[Stored entries]
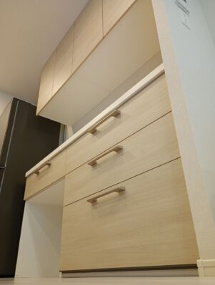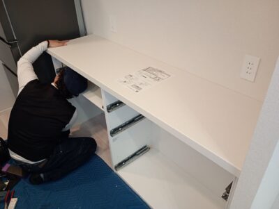 福岡市にてカップボード下台、可動棚、ウォールシェルフの取付工事です。
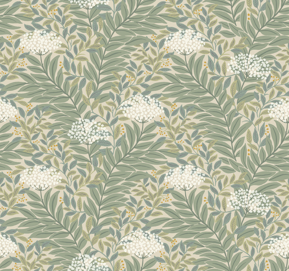 Tapeten Highgrove är en fyllig, heltäckande bladtapet där mjukt svängda rankor bygger ett levande, lager på lager-mönster. Bland de stora, avlånga bladen syns mindre bladkvistar och blommor och små bärklasar som lättar upp helheten. Botten är varm ljusbeige. Bladen går i dämpade grågröna toner med mörkare ådring som ger en handritad känsla. Blomklasarna är vita och bryts av med små bärprickar i guldmetallic. Helhetsintrycket är mjukt och harmoniskt med ett naturligt, ombonat uttryck. Ett lugnt grönt rum med subtila accenter.
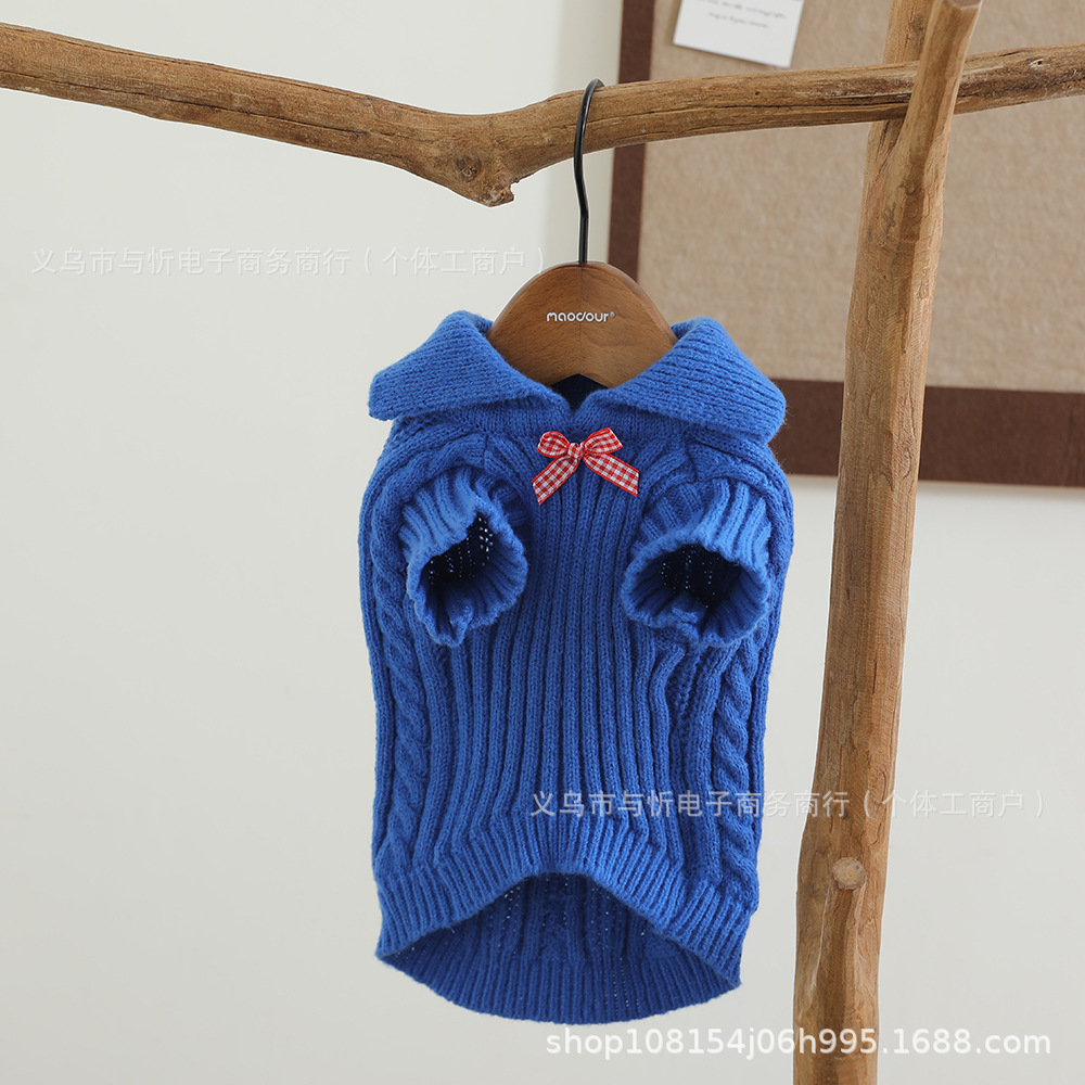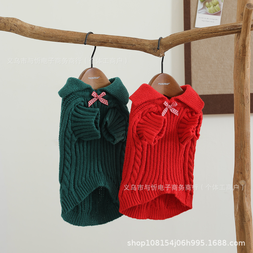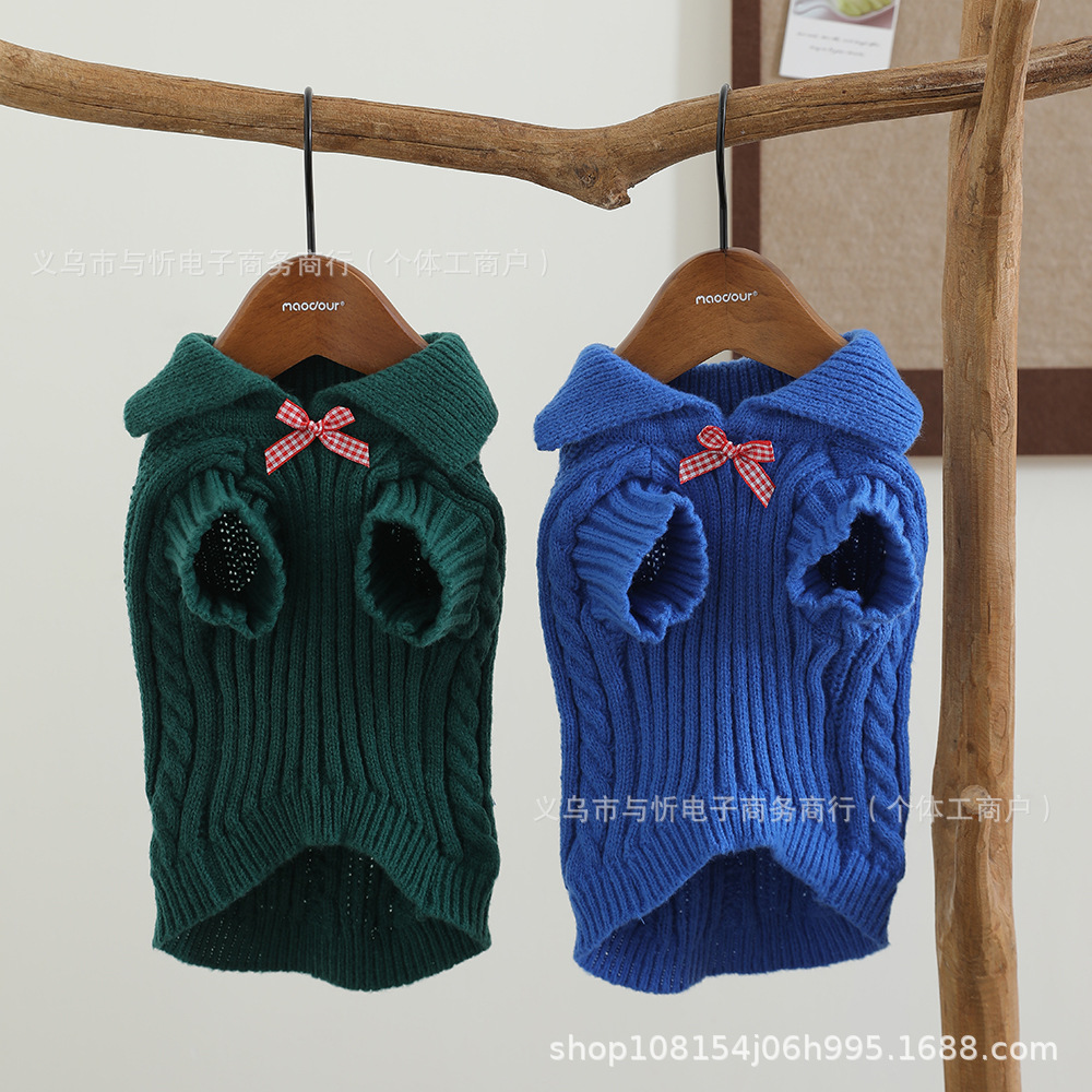 개 스웨터 격자 무늬 활 신사 옷깃 귀여운 스웨터 따뜻한 니트 스웨터 애완견 옷스토어 가기
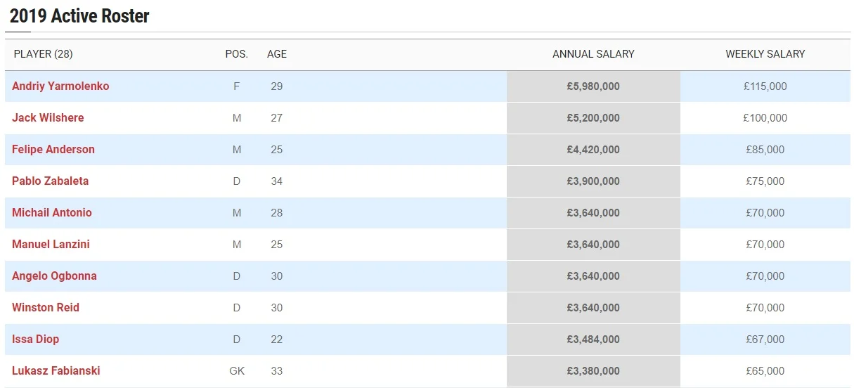 Авторитетний портал Sportmac, який спеціалізується на трансферних і зарплатних показниках, опублікував список зарплат футболістів Вест Хема в сезоні 2019/20.
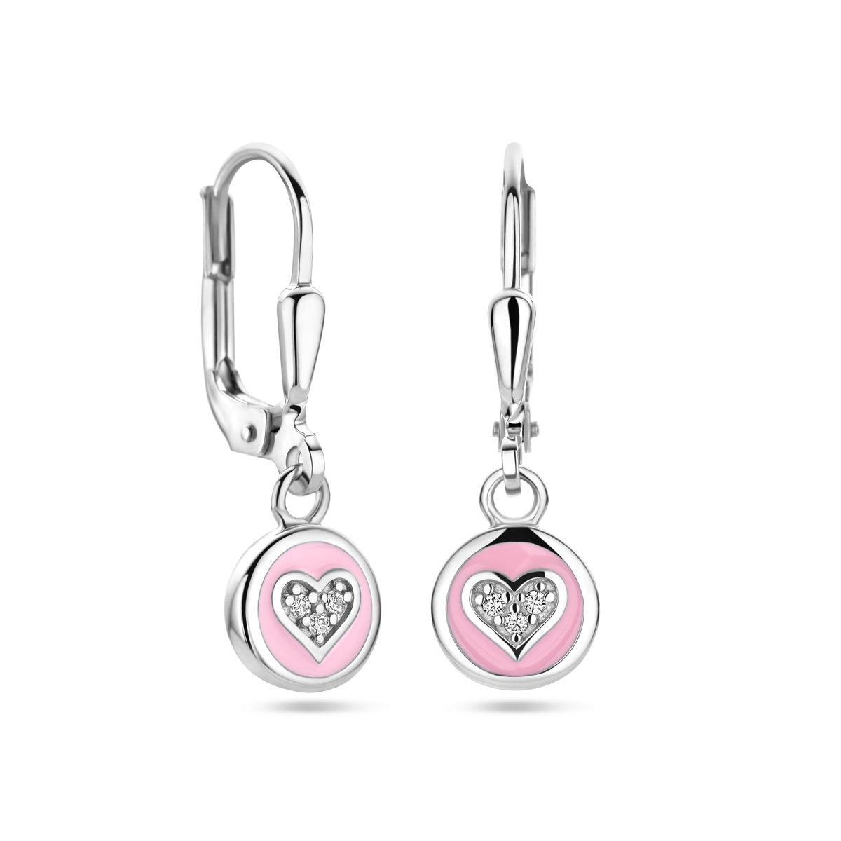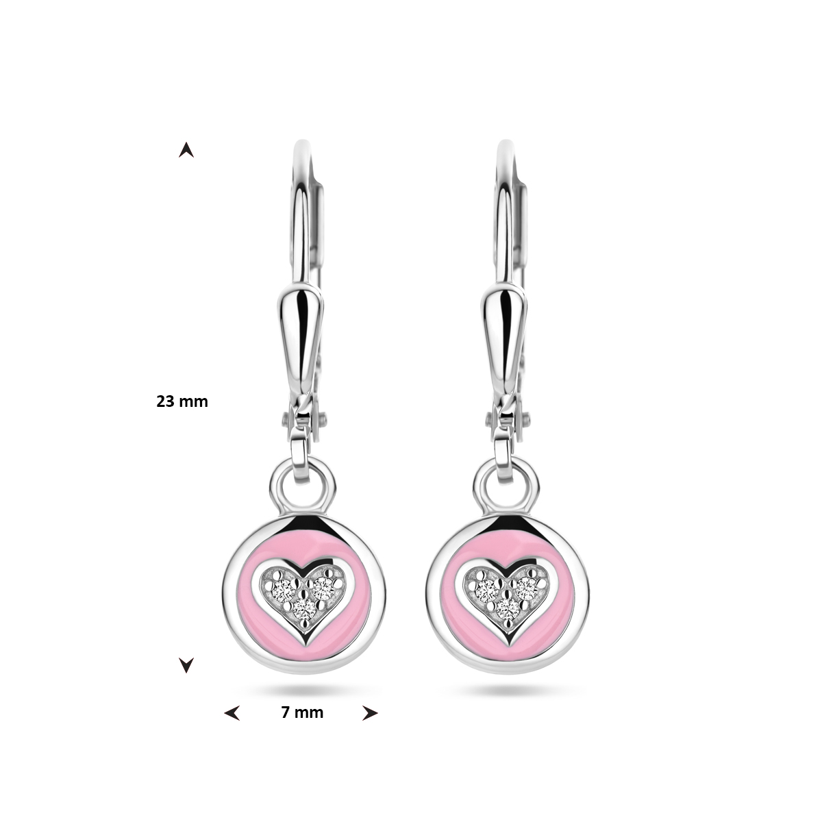 Gerhodineerd 925 zilveren oorhangers in de vorm van een cirkel van roze emaille met een hart van zirkonia.  De oorhangers hebben een totale hoogte van 23mm.
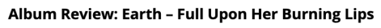 Full Upon Her Burning Lips is a complete and full expression of an aesthetic, mood, and narrative in sound. The songs blend together and feel like one meditative, transcendental trip. Carlson said of the album, “I feel like this is the fullest expression and purest distillation of what Earth does since I re-started the band.” That passion and expression shows on Full Upon Her Burning Lips.
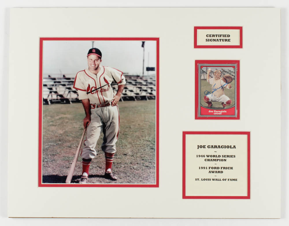 Joe Garagiola Sr. Signed Cardinals 14x18 Custom Matted 1990 Pacific Legends #24 Display (JSA COA & SOP Hologram)
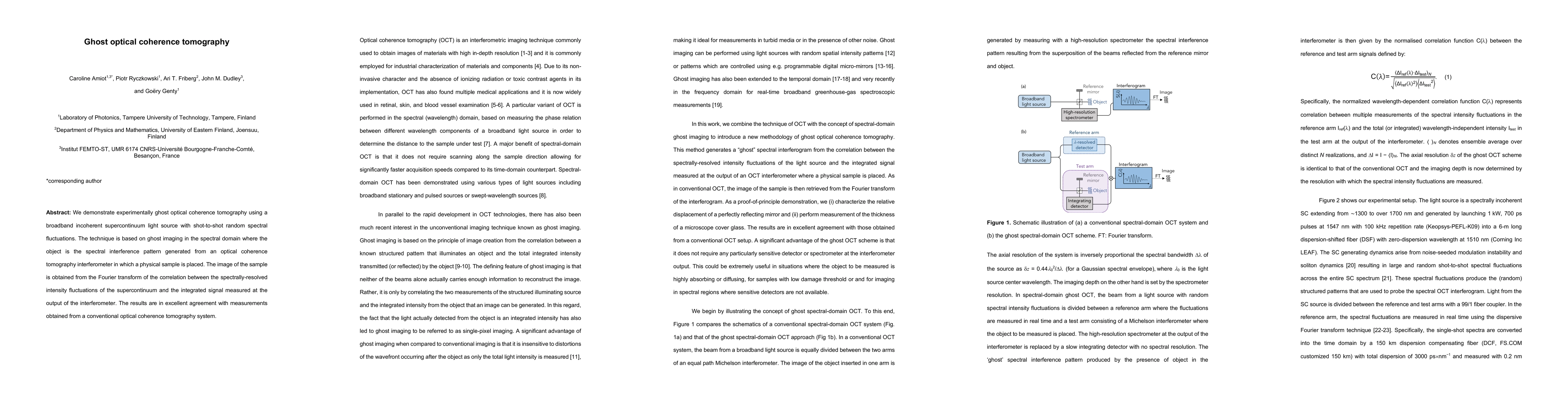 The paper demonstrates ghost optical coherence tomography using a supercontinuum light source, achieving image reconstruction through spectral interference pattern analysis and correlation with intensity fluctuations. Results match those from conventional optical coherence tomography systems.
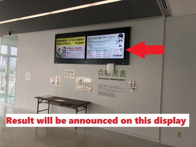 - The result of the exam will be announced on the screen in the waiting room about 30 minutes after the exam *your registration# for the exam will be displayed if passed
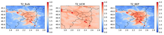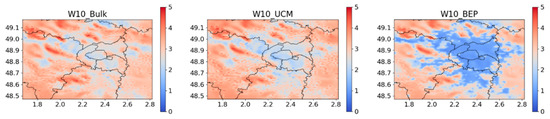 Figure 8 shows the maps of the averaged W10 simulated for the Bulk, UCM, and BEP schemes in this period. All the schemes give a higher surface wind speed in rural areas than in urban regions; the Bulk scheme shows the weakest gradient from urban to rural areas, with a negative bias for 0.51 m s−1; UCM gives a relative higher negative bias than Bulk from 1 to 2 m s−1; and the BEP scheme had an obviously strongest impact from cities, displaying a negative bias around 3.5 m s−1. The comparison between the observations and models for W10 are displayed in Figure 9. The observed W10 varied between 0.6 m and 7.6 m s−1, 0.1 m and 9.4 m s−1, and 0.2 m and 5.5 m s−1, with an average of 2.3 m, 1.5 m, and 2.8 m s−1 in three meteorological observation stations (Montsouris, Roissy, Sirta), respectively. Both the observed and modelled W10 display much lower values during the PE than the RD. In contrast with the T2, the W10 does not display remarkable differences between stations. The BEP scheme tends to produce the lowest W10 throughout the whole period for all the stations. Bulk and UCM performed well for both the PE and RD. A possible reason could be due to the roughness length, which is not directly dependent on urban morphology for the UCM scheme, while the momentum sinks and drag force estimated by the BEP scheme depend on urban morphology in this study. Low wind speed leads to weak natural circulation and the accumulation of heat in the lower urban boundary layer, which in turn enhances the warming of the urban area [55]. This would explain why BEP has a relative higher T2 simulation than the other schemes during the PE. This sensitivity test indicates that more realistic urban morphologies are needed to improve the model performance, because the parameters used in the urban canopy scheme (e.g., albedo, heat capacity, and roughness length) strongly influence the surface energy balance and heat absorption.

Task item
From the records above, extract the lines from the one holding "개 스웨터 격자 무늬" through the one holding "Gerhodineerd 925 zilveren", word for word; omit the pictures.

Solved exercise
 개 스웨터 격자 무늬 활 신사 옷깃 귀여운 스웨터 따뜻한 니트 스웨터 애완견 옷스토어 가기
 Авторитетний портал Sportmac, який спеціалізується на трансферних і зарплатних показниках, опублікував список зарплат футболістів Вест Хема в сезоні 2019/20.
 Gerhodineerd 925 zilveren oorhangers in de vorm van een cirkel van roze emaille met een hart van zirkonia.  De oorhangers hebben een totale hoogte van 23mm.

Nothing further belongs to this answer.